Extracted records
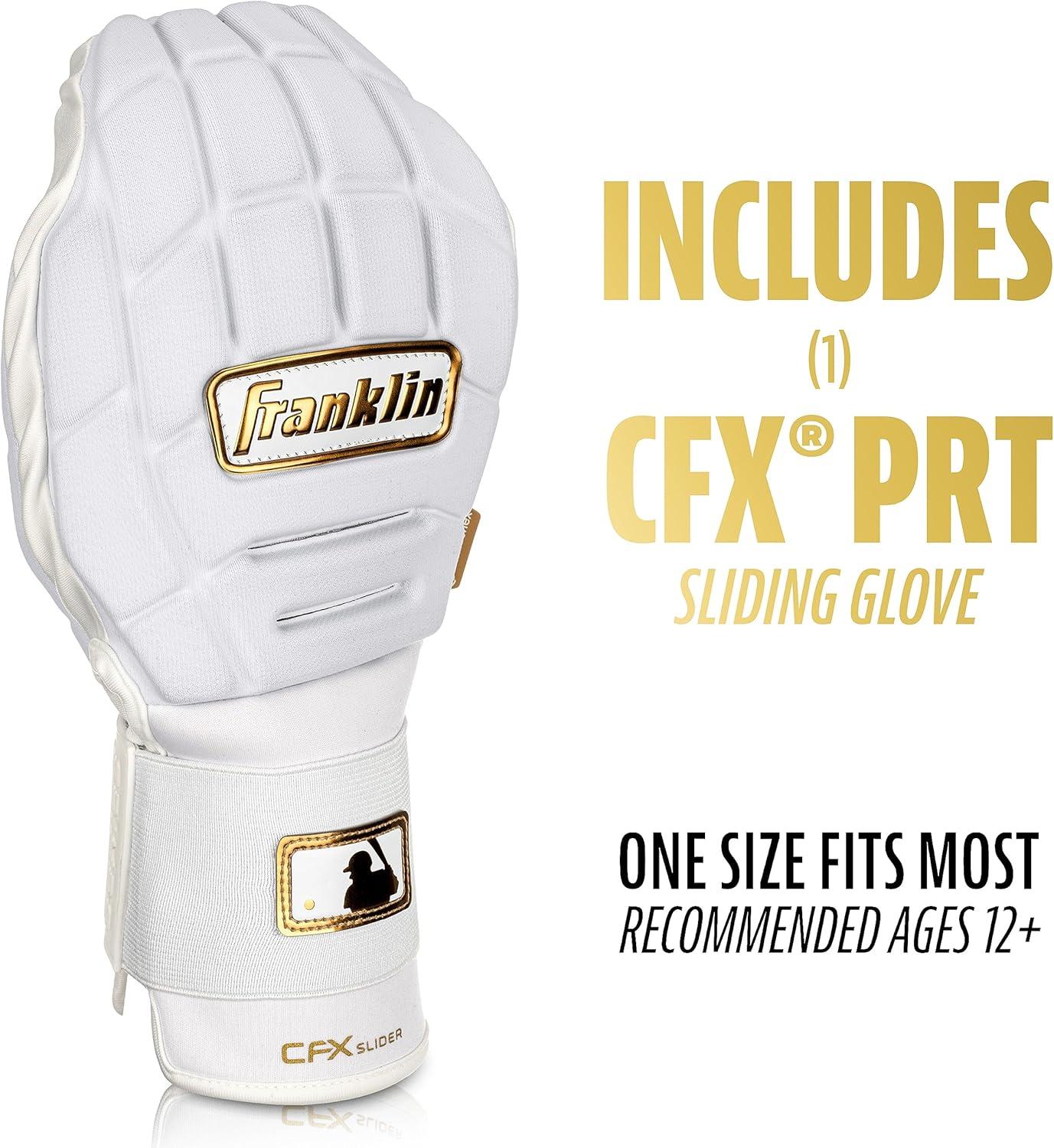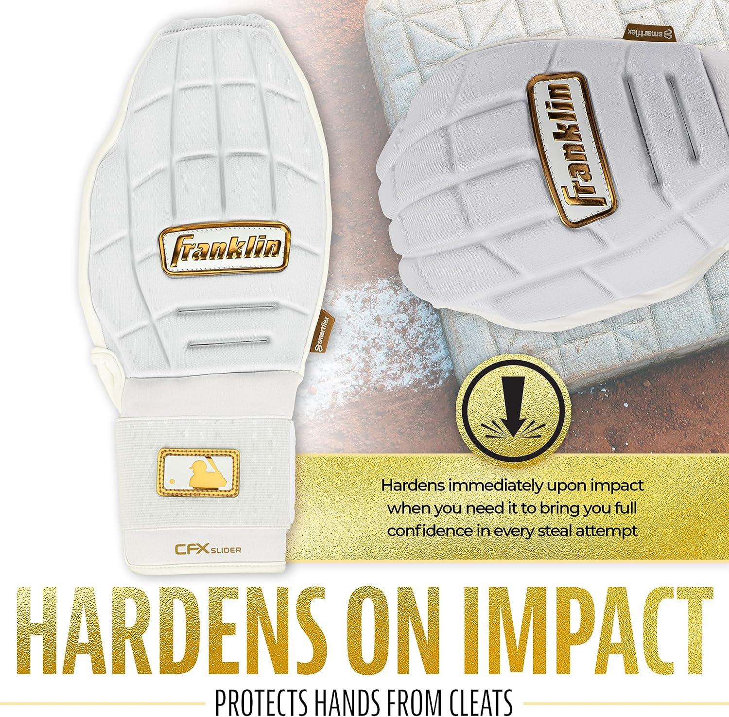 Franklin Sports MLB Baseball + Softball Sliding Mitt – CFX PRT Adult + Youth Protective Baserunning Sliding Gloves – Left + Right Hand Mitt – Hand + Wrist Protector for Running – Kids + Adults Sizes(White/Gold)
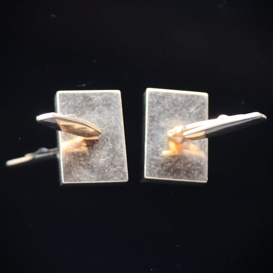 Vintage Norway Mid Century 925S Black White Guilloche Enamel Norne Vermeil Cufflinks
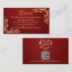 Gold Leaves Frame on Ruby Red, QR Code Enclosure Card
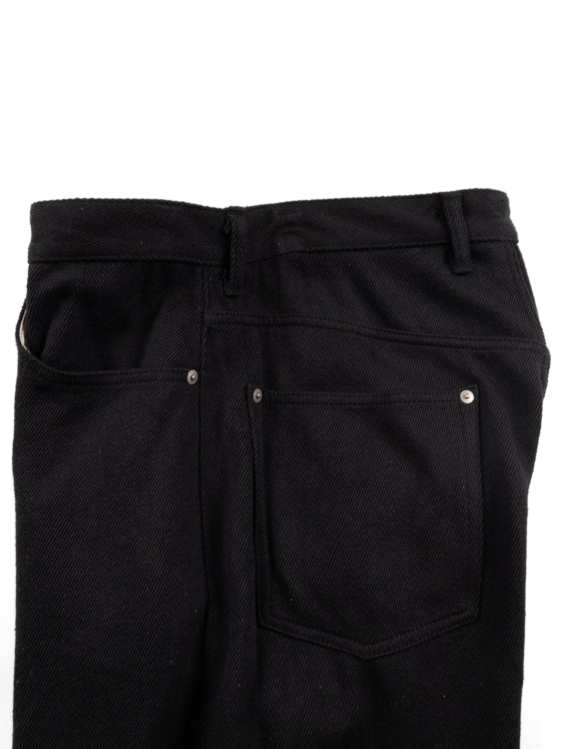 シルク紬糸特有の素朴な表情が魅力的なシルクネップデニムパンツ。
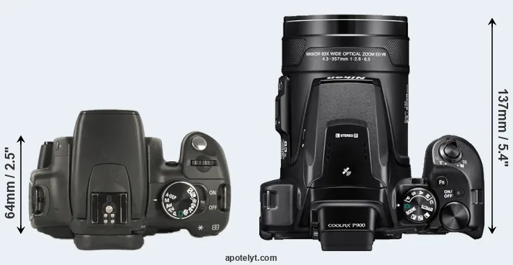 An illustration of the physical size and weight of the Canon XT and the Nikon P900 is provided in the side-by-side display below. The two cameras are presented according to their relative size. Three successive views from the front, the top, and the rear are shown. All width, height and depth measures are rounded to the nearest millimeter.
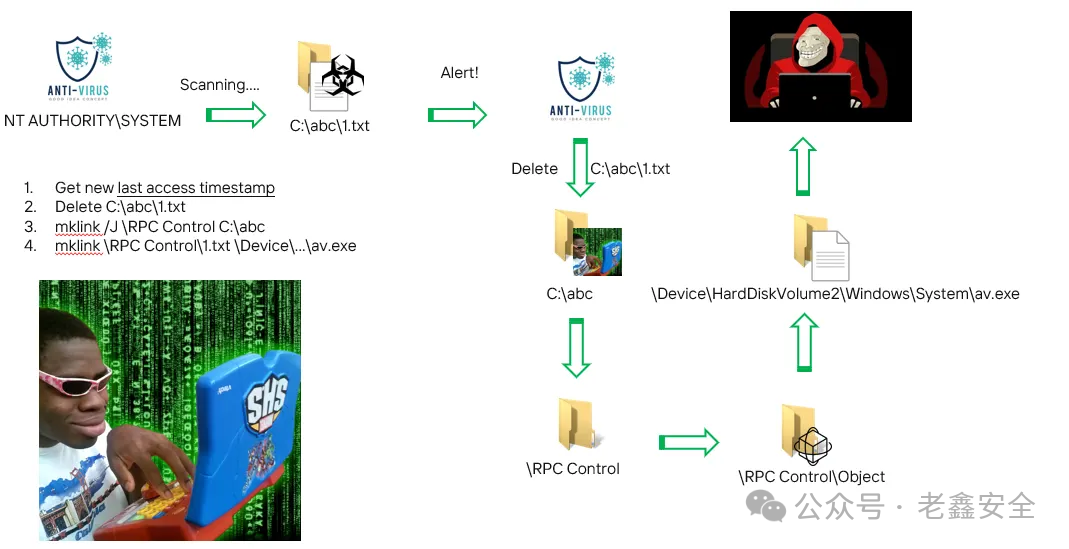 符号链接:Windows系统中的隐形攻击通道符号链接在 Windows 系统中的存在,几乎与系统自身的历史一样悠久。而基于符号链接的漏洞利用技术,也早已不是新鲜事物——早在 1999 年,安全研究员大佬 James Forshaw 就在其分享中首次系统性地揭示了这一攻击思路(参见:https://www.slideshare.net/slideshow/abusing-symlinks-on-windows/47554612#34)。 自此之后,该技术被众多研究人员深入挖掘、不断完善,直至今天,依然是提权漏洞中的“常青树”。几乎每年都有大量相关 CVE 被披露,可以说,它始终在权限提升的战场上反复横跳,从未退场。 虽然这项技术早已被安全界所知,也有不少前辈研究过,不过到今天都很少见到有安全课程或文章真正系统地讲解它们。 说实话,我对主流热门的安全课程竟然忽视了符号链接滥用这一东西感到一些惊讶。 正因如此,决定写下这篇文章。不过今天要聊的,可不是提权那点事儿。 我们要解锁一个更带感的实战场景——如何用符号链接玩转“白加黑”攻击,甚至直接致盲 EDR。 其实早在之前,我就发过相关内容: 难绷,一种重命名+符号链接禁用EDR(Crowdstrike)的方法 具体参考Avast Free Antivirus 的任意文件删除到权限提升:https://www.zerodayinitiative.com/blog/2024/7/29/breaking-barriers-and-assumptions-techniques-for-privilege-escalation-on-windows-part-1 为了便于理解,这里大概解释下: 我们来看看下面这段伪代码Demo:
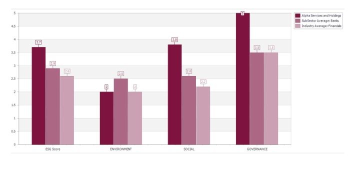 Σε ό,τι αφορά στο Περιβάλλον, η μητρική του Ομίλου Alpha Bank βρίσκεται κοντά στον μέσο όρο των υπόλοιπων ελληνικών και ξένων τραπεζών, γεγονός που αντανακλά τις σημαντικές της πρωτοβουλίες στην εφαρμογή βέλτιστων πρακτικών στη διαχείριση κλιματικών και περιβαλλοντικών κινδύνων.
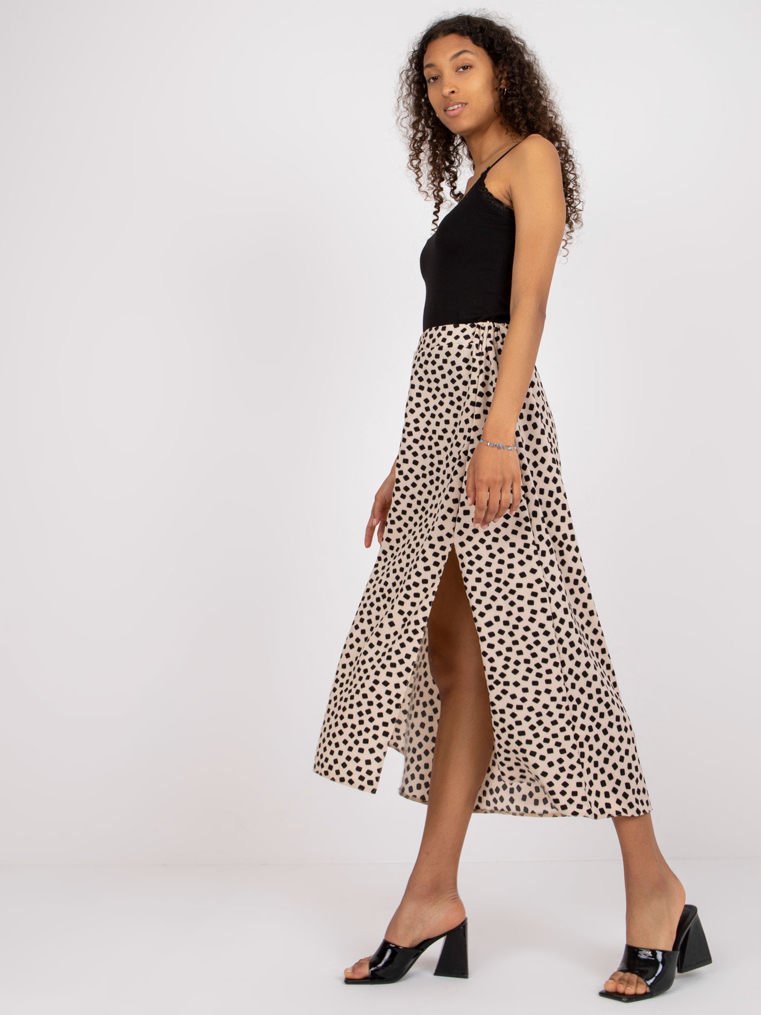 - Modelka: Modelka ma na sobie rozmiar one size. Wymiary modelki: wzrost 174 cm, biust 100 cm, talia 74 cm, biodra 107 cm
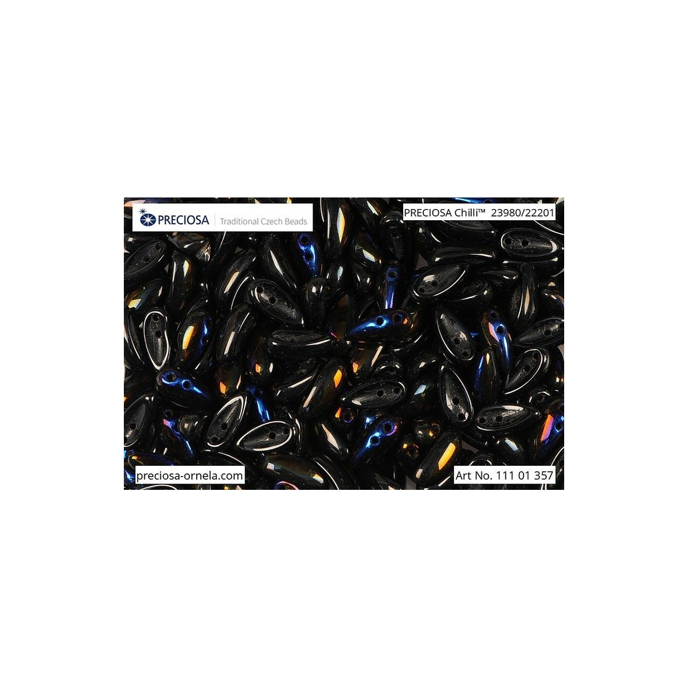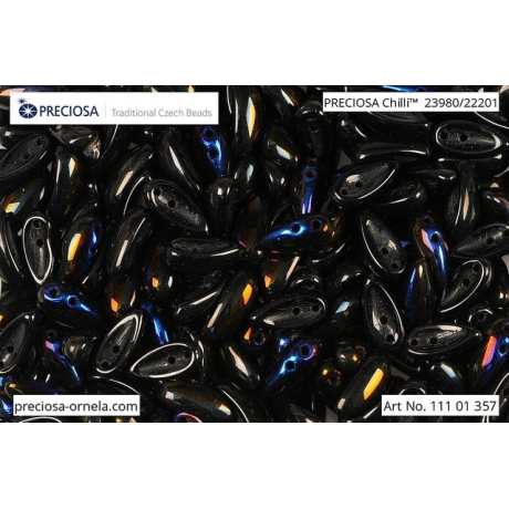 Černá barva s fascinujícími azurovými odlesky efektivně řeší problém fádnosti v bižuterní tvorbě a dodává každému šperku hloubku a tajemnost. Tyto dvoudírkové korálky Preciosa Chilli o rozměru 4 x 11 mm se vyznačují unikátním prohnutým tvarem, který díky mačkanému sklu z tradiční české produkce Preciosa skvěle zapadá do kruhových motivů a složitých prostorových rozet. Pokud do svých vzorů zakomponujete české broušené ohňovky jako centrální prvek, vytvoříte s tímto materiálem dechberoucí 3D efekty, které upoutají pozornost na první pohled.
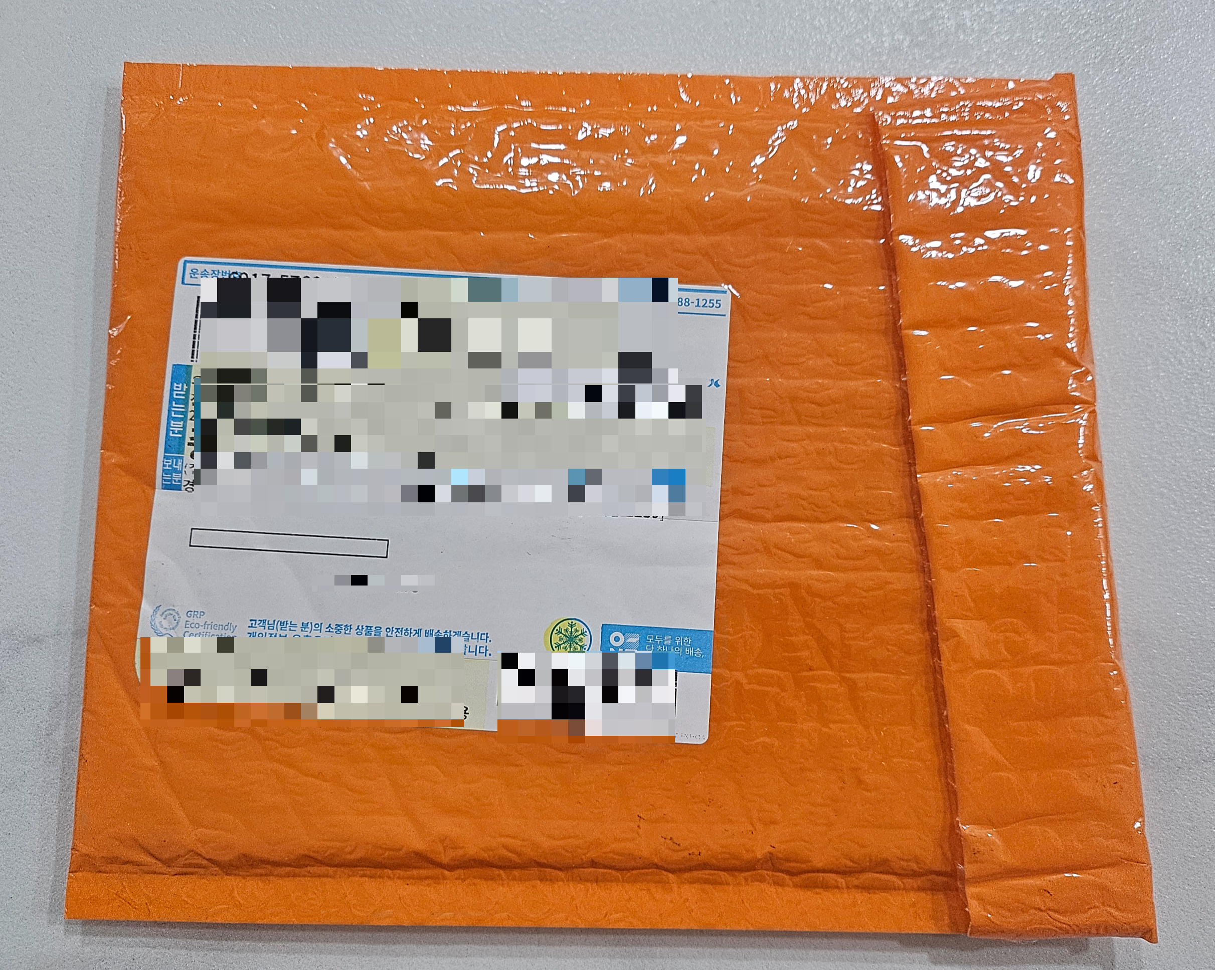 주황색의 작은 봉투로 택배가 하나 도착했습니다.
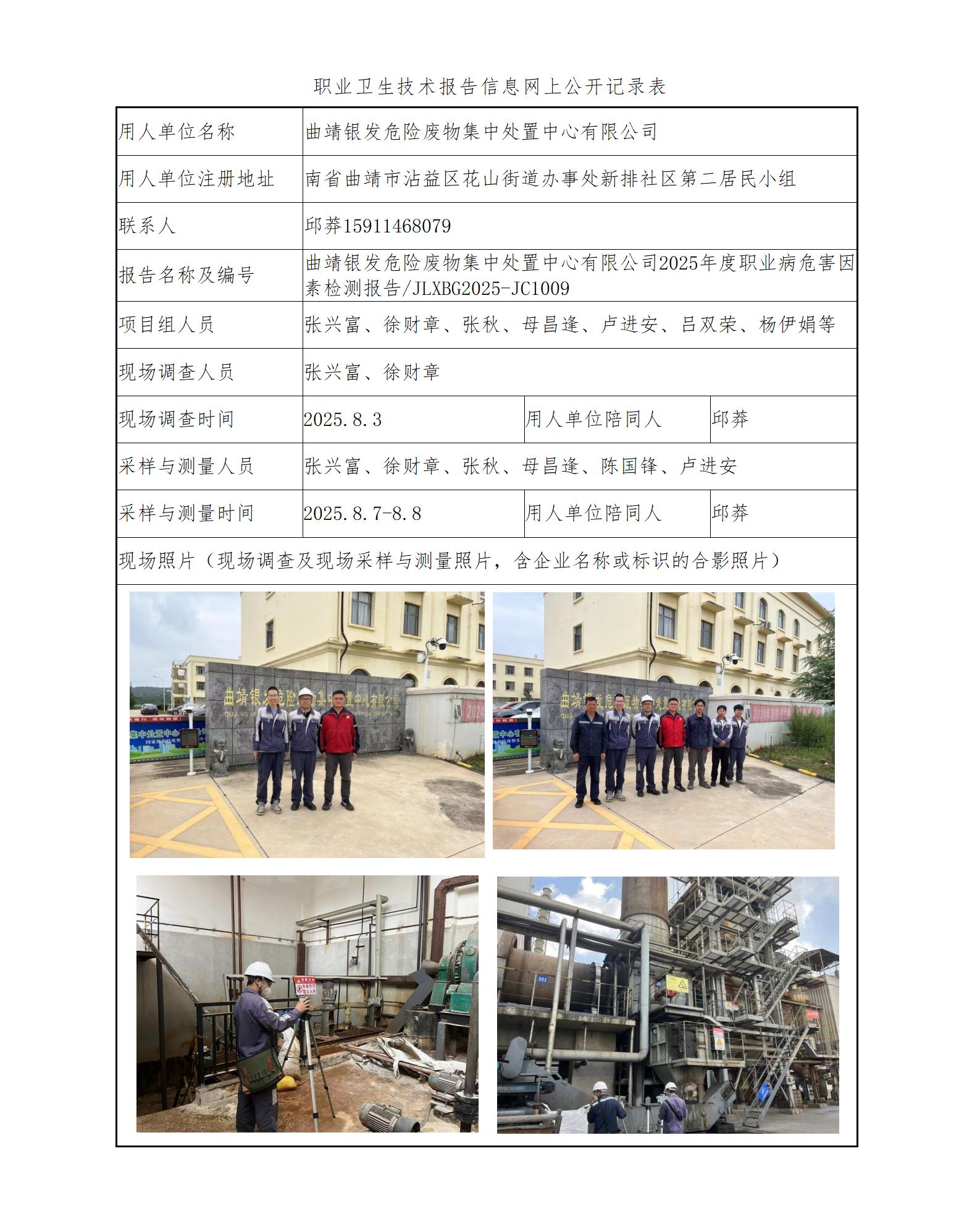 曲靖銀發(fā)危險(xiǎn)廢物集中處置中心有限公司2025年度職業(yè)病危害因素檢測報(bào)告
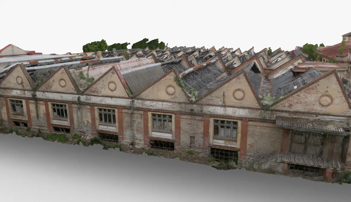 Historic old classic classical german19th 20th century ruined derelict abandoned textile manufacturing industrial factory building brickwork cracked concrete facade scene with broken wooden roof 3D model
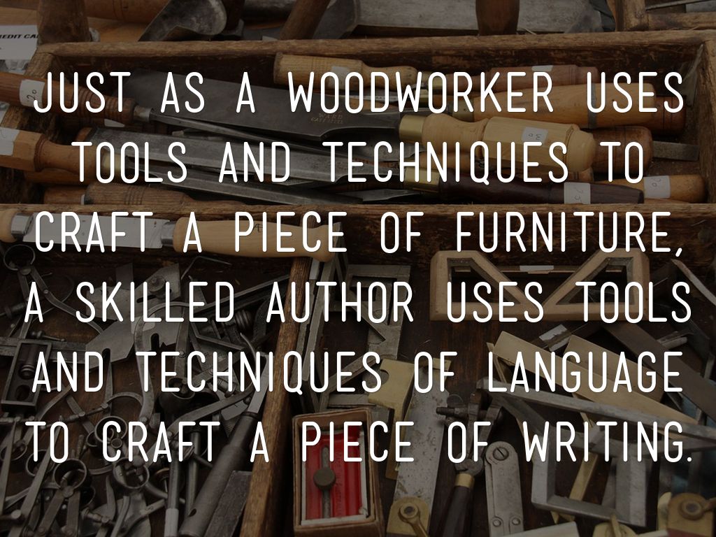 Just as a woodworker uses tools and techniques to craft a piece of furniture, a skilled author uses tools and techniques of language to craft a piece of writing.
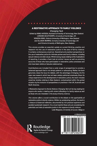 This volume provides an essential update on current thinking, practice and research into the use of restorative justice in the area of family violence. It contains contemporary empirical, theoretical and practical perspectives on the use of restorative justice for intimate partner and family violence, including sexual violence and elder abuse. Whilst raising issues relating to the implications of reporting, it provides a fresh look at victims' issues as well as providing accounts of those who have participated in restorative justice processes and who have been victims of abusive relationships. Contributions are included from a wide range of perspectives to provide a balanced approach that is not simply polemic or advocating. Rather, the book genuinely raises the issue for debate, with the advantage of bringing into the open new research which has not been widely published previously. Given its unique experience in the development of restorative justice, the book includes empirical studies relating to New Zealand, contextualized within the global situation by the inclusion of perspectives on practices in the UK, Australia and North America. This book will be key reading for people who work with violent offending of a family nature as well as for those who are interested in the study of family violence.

**WHAT IS BEING ASKED:** Reproduce the data above exactly, but only from the line containing "Windows 系统中的存在,几乎与系统自身的历史一样悠久。而基于符号链接的漏洞利用技术,也早已不是新鲜事物——早在 1999" through the line containing "- Modelka: Modelka". Omit all pictures.

**SOLUTION TO THIS TASK:**
 符号链接:Windows系统中的隐形攻击通道符号链接在 Windows 系统中的存在,几乎与系统自身的历史一样悠久。而基于符号链接的漏洞利用技术,也早已不是新鲜事物——早在 1999 年,安全研究员大佬 James Forshaw 就在其分享中首次系统性地揭示了这一攻击思路(参见:https://www.slideshare.net/slideshow/abusing-symlinks-on-windows/47554612#34)。 自此之后,该技术被众多研究人员深入挖掘、不断完善,直至今天,依然是提权漏洞中的“常青树”。几乎每年都有大量相关 CVE 被披露,可以说,它始终在权限提升的战场上反复横跳,从未退场。 虽然这项技术早已被安全界所知,也有不少前辈研究过,不过到今天都很少见到有安全课程或文章真正系统地讲解它们。 说实话,我对主流热门的安全课程竟然忽视了符号链接滥用这一东西感到一些惊讶。 正因如此,决定写下这篇文章。不过今天要聊的,可不是提权那点事儿。 我们要解锁一个更带感的实战场景——如何用符号链接玩转“白加黑”攻击,甚至直接致盲 EDR。 其实早在之前,我就发过相关内容: 难绷,一种重命名+符号链接禁用EDR(Crowdstrike)的方法 具体参考Avast Free Antivirus 的任意文件删除到权限提升:https://www.zerodayinitiative.com/blog/2024/7/29/breaking-barriers-and-assumptions-techniques-for-privilege-escalation-on-windows-part-1 为了便于理解,这里大概解释下: 我们来看看下面这段伪代码Demo:
 Σε ό,τι αφορά στο Περιβάλλον, η μητρική του Ομίλου Alpha Bank βρίσκεται κοντά στον μέσο όρο των υπόλοιπων ελληνικών και ξένων τραπεζών, γεγονός που αντανακλά τις σημαντικές της πρωτοβουλίες στην εφαρμογή βέλτιστων πρακτικών στη διαχείριση κλιματικών και περιβαλλοντικών κινδύνων.
 - Modelka: Modelka ma na sobie rozmiar one size. Wymiary modelki: wzrost 174 cm, biust 100 cm, talia 74 cm, biodra 107 cm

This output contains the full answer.